• [What you should do]:
Using the data below, set down every line from the one containing "The re-identification module" through the one containing "夏原 良嗣さんの天格は20画の1点!", inclusive and unchanged. Pictures are to be skipped.

• [Data supplied]:
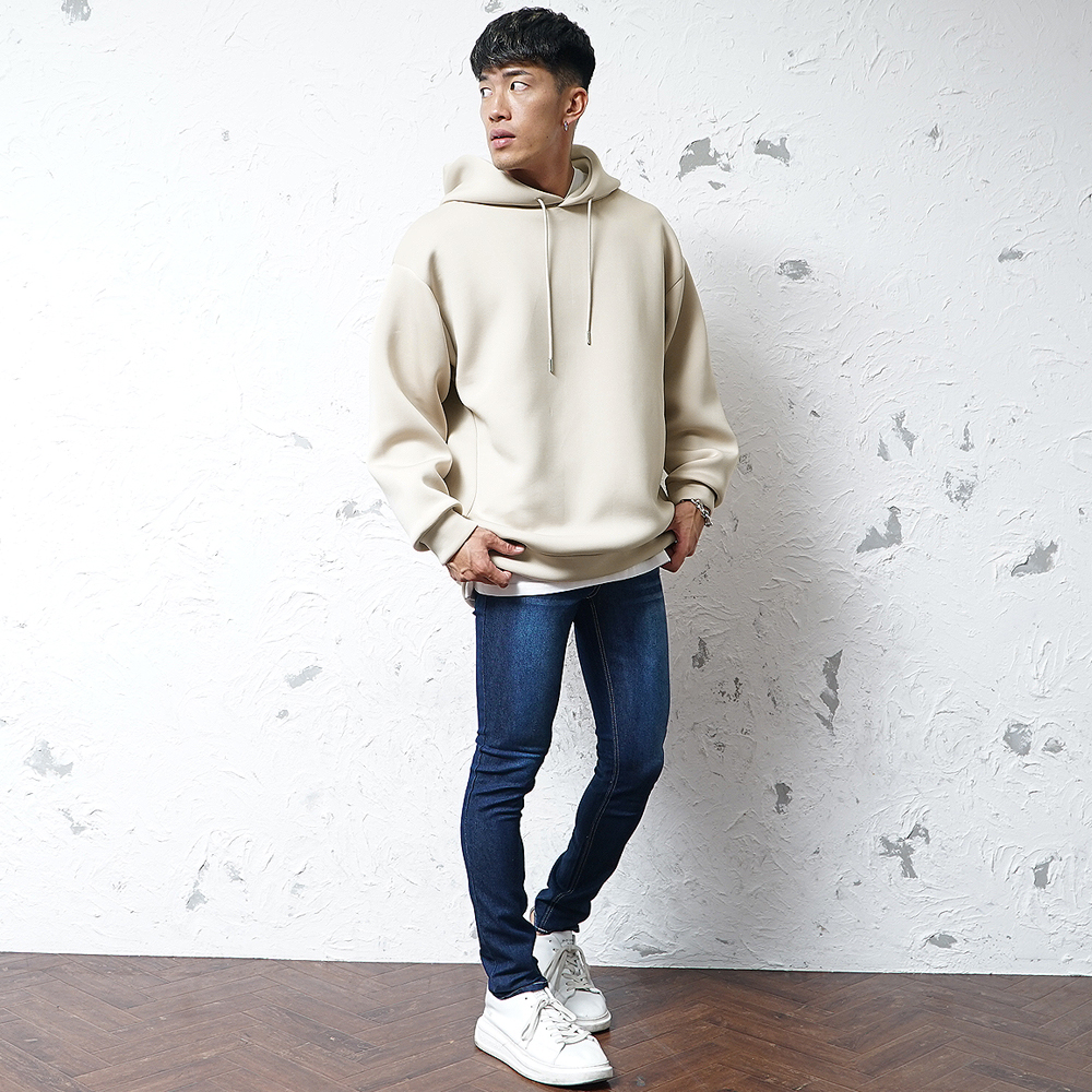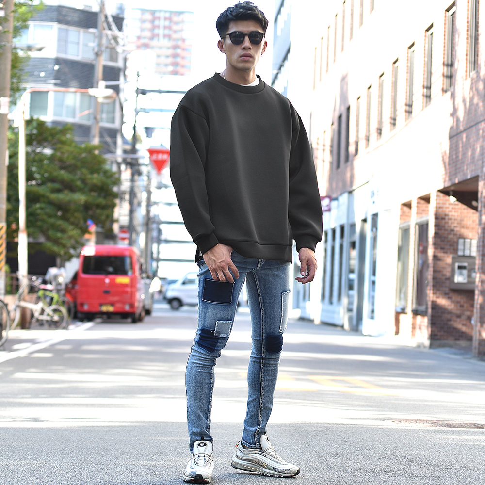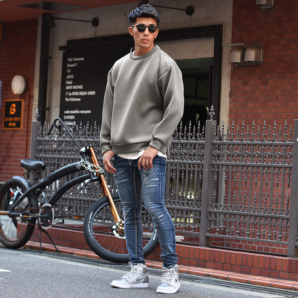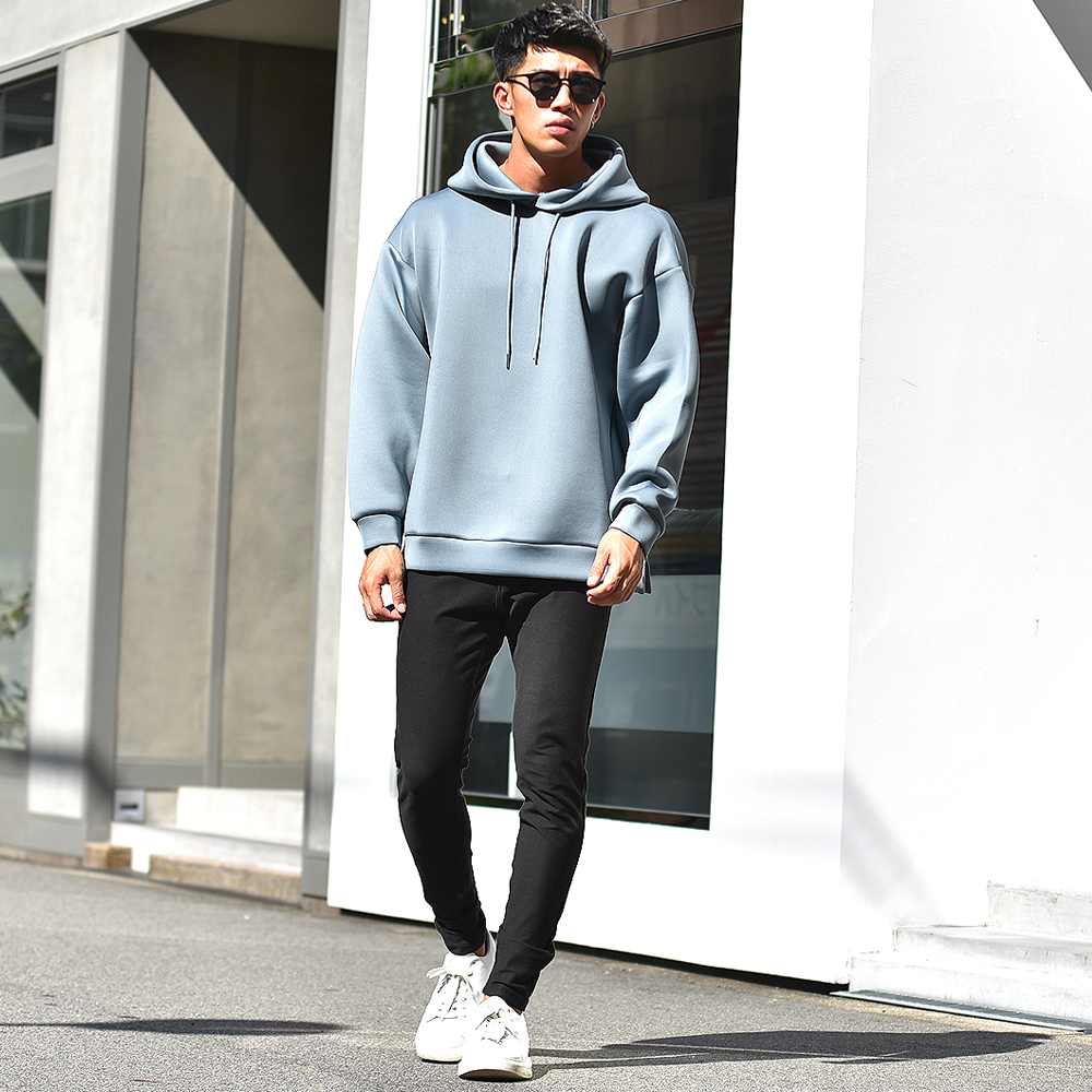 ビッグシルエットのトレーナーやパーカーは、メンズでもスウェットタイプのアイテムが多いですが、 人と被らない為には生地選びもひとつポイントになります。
--
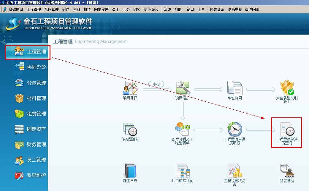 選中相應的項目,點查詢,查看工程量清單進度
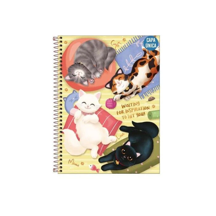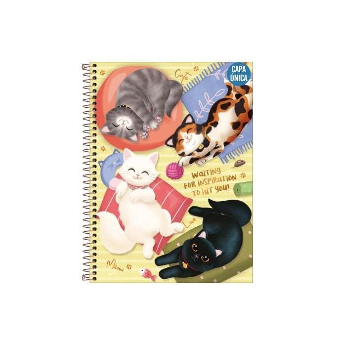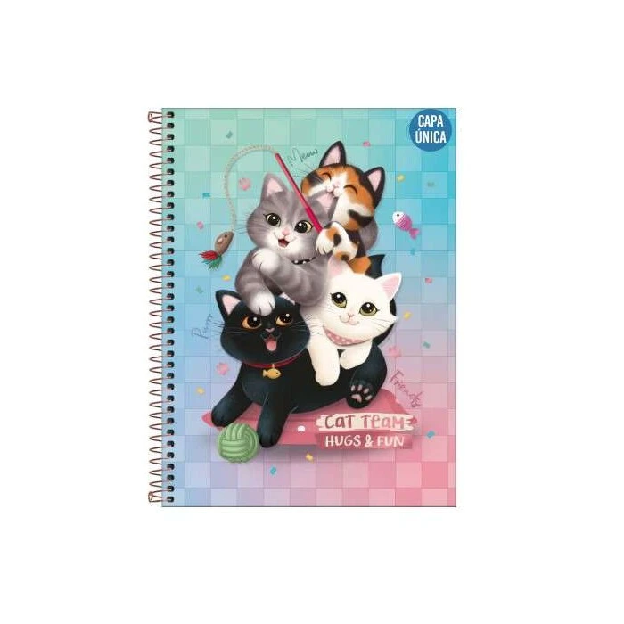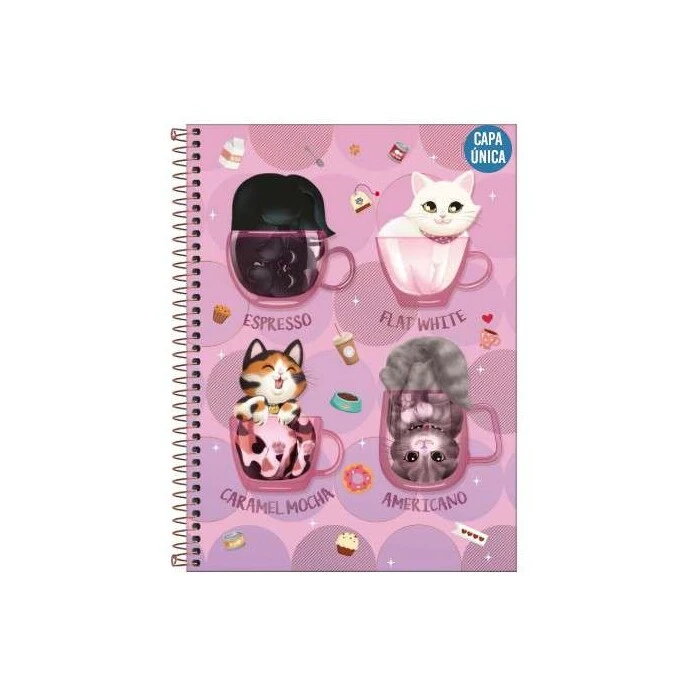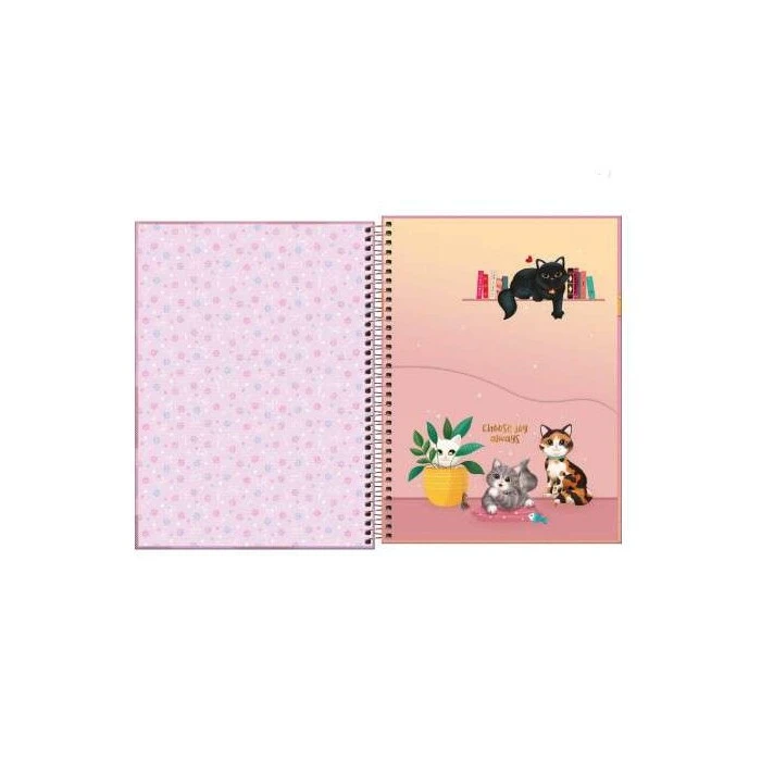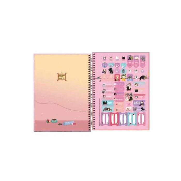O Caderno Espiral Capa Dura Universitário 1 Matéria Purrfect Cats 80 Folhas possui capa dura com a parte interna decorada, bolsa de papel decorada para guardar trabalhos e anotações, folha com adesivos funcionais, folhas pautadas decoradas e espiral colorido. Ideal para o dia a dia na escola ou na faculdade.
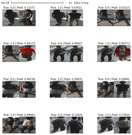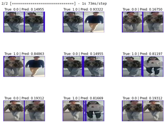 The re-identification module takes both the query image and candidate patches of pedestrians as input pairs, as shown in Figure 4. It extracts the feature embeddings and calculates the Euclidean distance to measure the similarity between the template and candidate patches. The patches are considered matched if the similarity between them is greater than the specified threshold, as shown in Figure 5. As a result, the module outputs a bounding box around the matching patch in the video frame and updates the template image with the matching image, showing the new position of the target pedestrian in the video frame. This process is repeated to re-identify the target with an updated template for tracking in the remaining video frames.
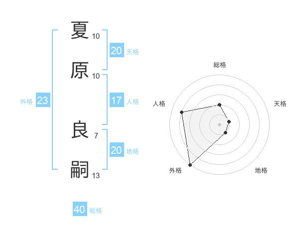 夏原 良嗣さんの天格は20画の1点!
...
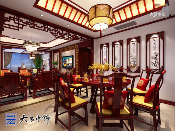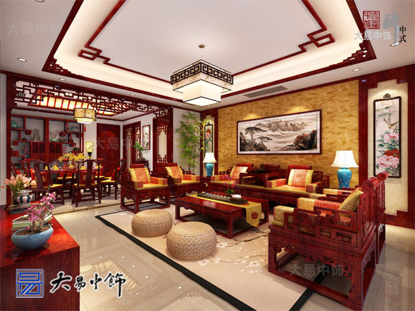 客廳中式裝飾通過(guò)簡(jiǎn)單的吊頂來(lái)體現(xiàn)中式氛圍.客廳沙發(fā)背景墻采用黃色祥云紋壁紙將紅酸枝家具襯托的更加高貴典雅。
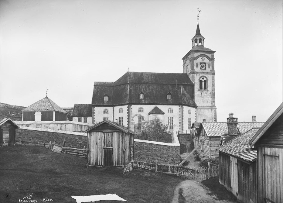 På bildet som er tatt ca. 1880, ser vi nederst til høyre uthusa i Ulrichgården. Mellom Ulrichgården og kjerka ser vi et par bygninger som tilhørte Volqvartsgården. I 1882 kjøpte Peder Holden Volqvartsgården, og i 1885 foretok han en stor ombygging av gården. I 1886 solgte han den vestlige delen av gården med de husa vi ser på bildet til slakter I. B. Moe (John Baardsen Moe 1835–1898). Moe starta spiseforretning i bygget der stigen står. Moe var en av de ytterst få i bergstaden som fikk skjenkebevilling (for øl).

• [Written response]:
 The re-identification module takes both the query image and candidate patches of pedestrians as input pairs, as shown in Figure 4. It extracts the feature embeddings and calculates the Euclidean distance to measure the similarity between the template and candidate patches. The patches are considered matched if the similarity between them is greater than the specified threshold, as shown in Figure 5. As a result, the module outputs a bounding box around the matching patch in the video frame and updates the template image with the matching image, showing the new position of the target pedestrian in the video frame. This process is repeated to re-identify the target with an updated template for tracking in the remaining video frames.
 夏原 良嗣さんの天格は20画の1点!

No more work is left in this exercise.